Antennal area and sensilla abundance by sex and activity.
(A) Positive correlation between antennal area and total sensilla number (N = 42, R2 = 0.389, Spearman’s rho = 0.6677, p < 0.0001): larger antennae tend to have more sensilla; (B) Negative correlation between antennal area and total sensilla density (N-42, R2 = 0.542, Spearman’s rho = -0.7094, df = 1, p < 0.0001): larger antennae tend to have a lower sensilla density; (C) Comparison of mean sensilla number between diurnal and nocturnal species: diurnal species have significantly more sensilla than nocturnal species (x̄Diurnal = 4768 ± 1495, x̄Nocturnal = 2349 ± 1242; DFDen = 5, F = 8.33, p = 0.0343); (D) Comparison of mean sensilla number between females and males: males have significantly more sensilla than females (x̄Male = 3776 ± 1919, x̄Female = 2995 ± 1638; DFDen = 38, F = 8.7, p = 0.0054).
Fig 8.
Mechanosensilla and Chemosensilla counts by activity and sex.
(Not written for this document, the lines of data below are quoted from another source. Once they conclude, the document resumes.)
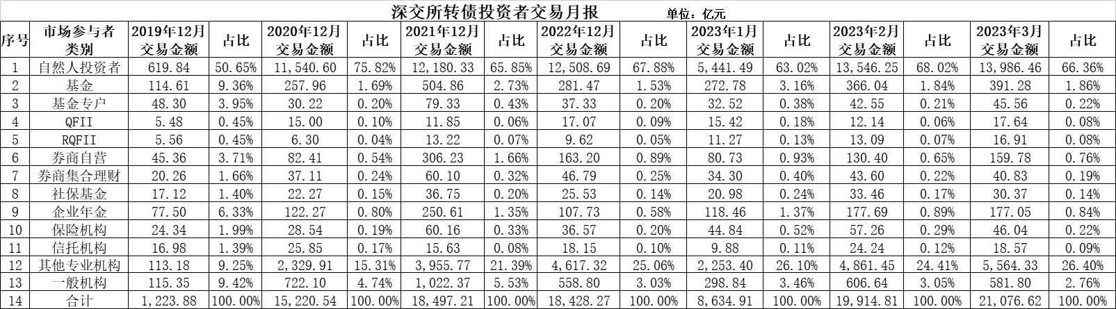 2023年3月,深交所转债投资者交易金额21,076.62亿元,其中基金(公募)交易金额占比1.86%,其他专业机构(私募)交易金额占比26.40%,自然人投资者交易金额占比66.36%。
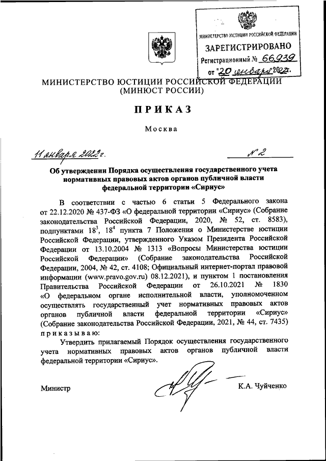 ПРИКАЗ Минюста РФ от 11.01.2022 N 2
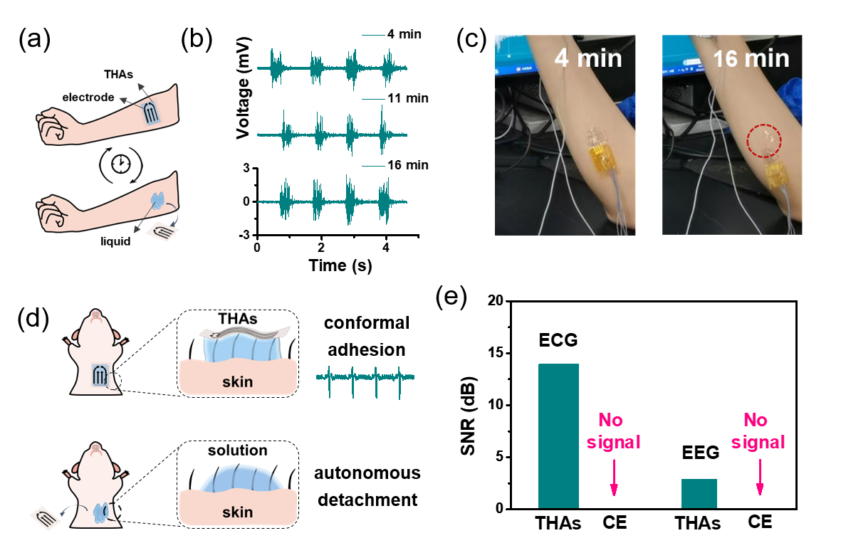 图3.(a)瞬态水凝胶粘合剂生物电子界面结合电极采集人肌电信号的示意图;(b)不同时间段采集的肌电信号;(c)自液化过程驱动电极逐渐滑落;(d)瞬态水凝胶粘合剂生物电子界面结合电极采集大鼠心电信号的示意图;(e)瞬态水凝胶粘合剂结合电极采集的大鼠心电(ECG)和脑电(EEG)信号与商用电极(CE)采集信号的信噪比(SNR)对比。
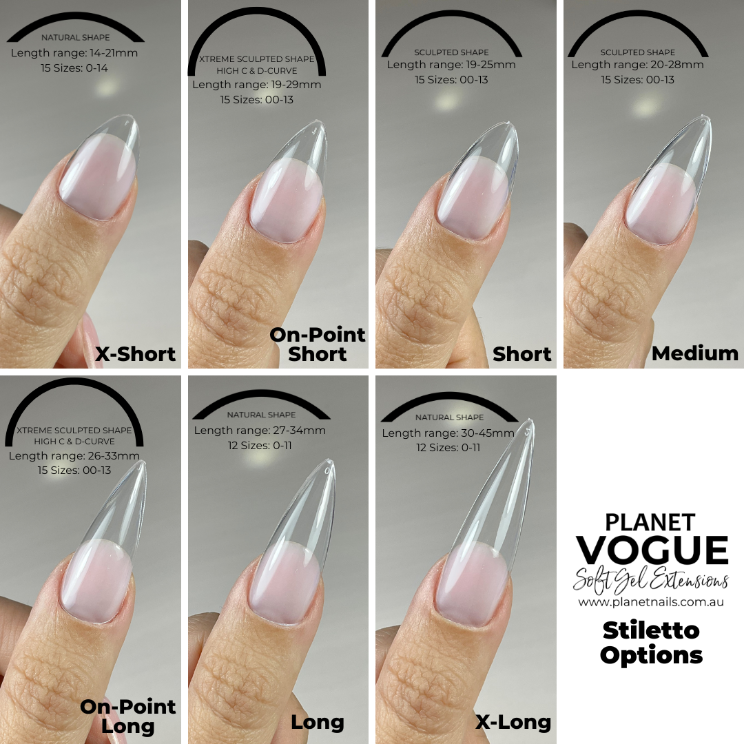 Please note: Due to human error, some individual size bags may be mislabelled. Please refer to the actual number on the tip itself and not the number on the bag. Please refer to the comparison pictures of your chosen shape/length as well as the measurement chart before purchasing to ensure you are happy with your choice. Any descriptive name allocated to a chosen shape/length is based on where the shape/length fits into the Planet Vogue range and may not conform to an individual’s idea of the name or compare to another brands' shape/length. When comparing lengths please ensure you are comparing like for like i.e. x-short square with another square shape as some shapes will be longer across the board of lengths. We try and provide as much information on our products as possible to make choosing the correct shape/length for as informative as possible.

(A) Mechanosensilla counts (both sexes) by activity time: there is no significant difference between diurnal and nocturnal species (x̄Diurnal = 3503 ± 993, x̄Nocturnal = 1753 ± 1009; DFDen = 5.0, F = 4.88, p = 0.078); (B) Mechanosensilla counts (both activity times) by sex: there is no significant difference in mechanosensilla number between males and females (x̄Male = 2586 ± 1248, x̄Female = 2420 ± 1418; DFDen = 33.0, F = 0.21, p = 0.279); (C). Chemosensilla counts (both sexes) by activity time: there is no significant difference between diurnal and nocturnal species (x̄Diurnal = 1261 ± 1114, x̄Nocturnal = 595 ± 282; DFDen = 5.0, F = 3.81, p = 0.108); (D) Chemosensilla counts (both activity times) by sex: males have significantly more chemosensilla than females (x̄Male = 1188 ± 1041, x̄Female = 573 ± 307; DFDen = 33.0, F = 15.66, p = 0.0004).
Fig 9.
Mechanosensilla and Chemosensilla densities.
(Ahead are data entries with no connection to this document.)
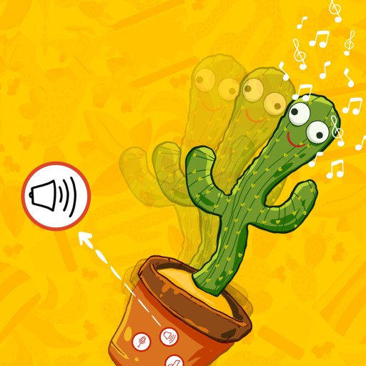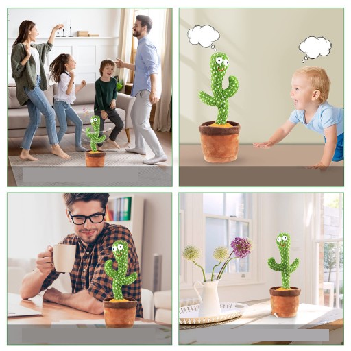 Talking Cactus має 120 англійських дитячих пісень, коли Dancing Cactus увімкнено, він танцює з миготливими вогнями, розкиданими по його тілу, хитається, дуже смішно. Весела музика і танці також можуть привернути увагу вашої дитини, дозвольте їй повеселитися!
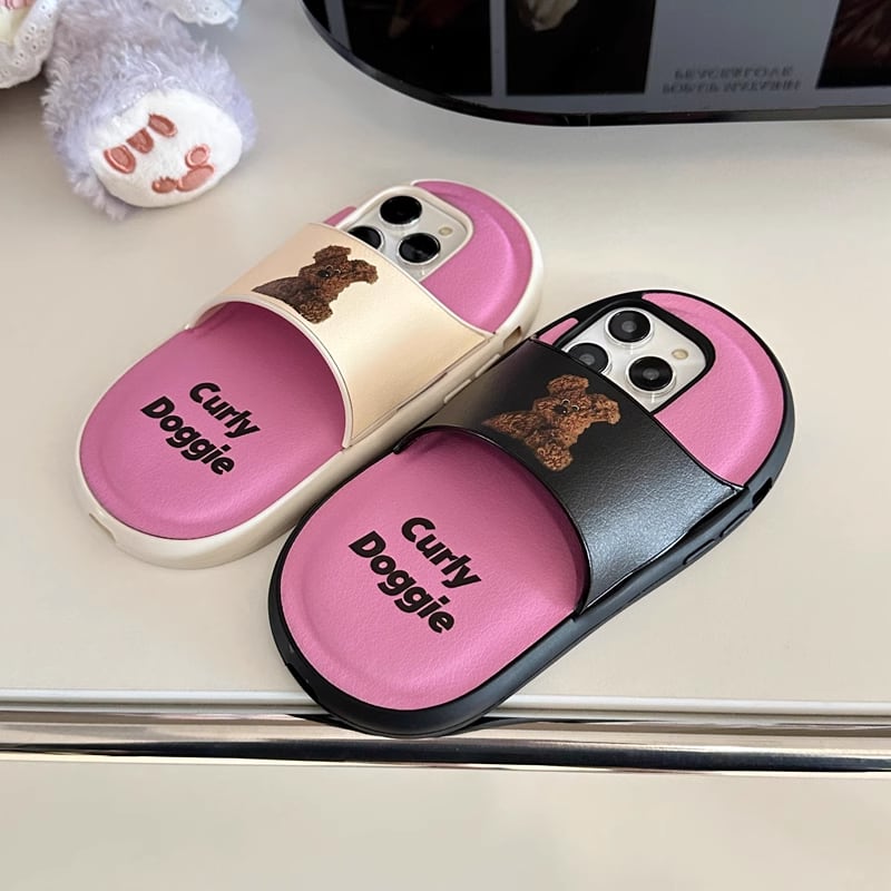 iPhone15 Pro Maxケース スリッパ模様 個性的 iPhone15 Proケース 可愛い 犬柄 iPhone15カバー ピンク 女子向け iPhone14 13 12Pro Maxケース 注目を引くデザイン◎
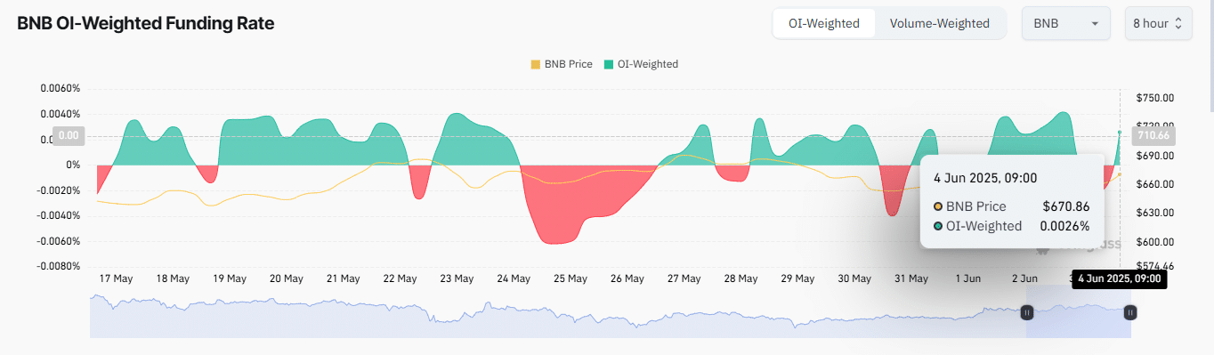 Sự tăng trưởng về người dùng cũng đồng thời phản ánh mức độ sử dụng ngày càng cao của BNB trên mạng lưới. Cụ thể, tổng phí giao dịch đã tăng 20,91%, đạt 933,23 BNB – mức cao nhất kể từ ngày 21/5. Diễn biến này trùng hợp với mức tăng 6,61% về giá BNB, đưa đồng coin này chạm mốc 691 USD. Nếu xu hướng trước đây tiếp tục lặp lại, BNB hoàn toàn có thể thiết lập đỉnh mới trong tuần này.
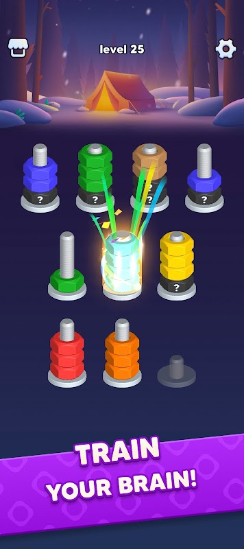 동일한 색상의 너트만 쌓을 수 있으며 대상 볼트에 충분한 공간이 있어야 한다는 점을 기억하십시오. 진행하면서 정렬 퍼즐이 더욱 어려워지고 전략과 빠른 사고를 테스트합니다.

(A) Mechanosensilla densities (both sexes) by activity time: there is no significant difference between diurnal and nocturnal species (x̄Diurnal = 2576/mm2 ± 827, x̄Nocturnal = 2068/mm2 ± 1079, DFDen = 5.0, F = 0.477, p = 0.52); (B) Mechanosensilla densities (both activity times) by sex: males have a significantly higher density of mechanosensilla than females (x̄Male = 2265 ± 1102 per mm2, x̄Female = 2306 ± 915 per mm2; DFDen = 33.0, F = 0.558, p = 0.460); (C) Chemosensilla densities (both sexes) by activity time: there is no significant difference between diurnal and nocturnal species (x̄Diurnal = 813 ± 486 per mm2, x̄Nocturnal = 881 ± 914 per mm2; DFDen = 5.0, F = 0.025, p = 0.880); (D) Chemosensilla densities (both activity times) by sex: males have a significantly higher density of chemosensilla on their antennae than females (x̄Male = 1147 ± 952 per mm2, x̄Female = 556 ± 273 per mm2; DFDen = 33.0, F = 11.05, p = 0.0022).